*** Opening RECORDED DATA ***

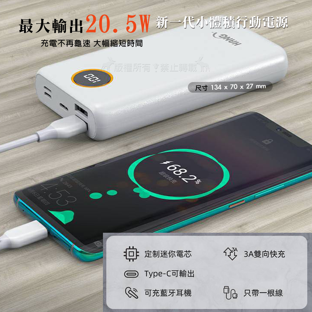 HANG 26000輕巧大容量 PD+QC4.0 3A雙向快充行動電源 最大輸出20.5W
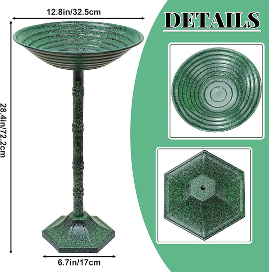 Bird Bath for Outside with Pedestal, Vintage Freestanding Garden Metal Birdbaths & Birdfeeder, Birdbaths Bowl Bird Baths for Outdoors Yard Garden Lawn Decor, Upgrade Dual-use Base (Dark Green)
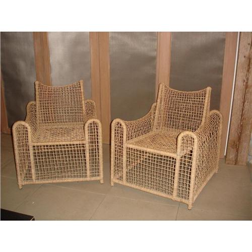 Fishnet Chairs: A Pair: Loosely in the shape of a Wassily chair, but completely executed in a loosely woven fishnet hemp.

*** Closing RECORDED DATA ***

- _WHAT IS NEEDED_:
Could every line above be set down exactly, with the pictures omitted?

- _FINISHED EXERCISE_:
 HANG 26000輕巧大容量 PD+QC4.0 3A雙向快充行動電源 最大輸出20.5W
 Bird Bath for Outside with Pedestal, Vintage Freestanding Garden Metal Birdbaths & Birdfeeder, Birdbaths Bowl Bird Baths for Outdoors Yard Garden Lawn Decor, Upgrade Dual-use Base (Dark Green)
 Fishnet Chairs: A Pair: Loosely in the shape of a Wassily chair, but completely executed in a loosely woven fishnet hemp.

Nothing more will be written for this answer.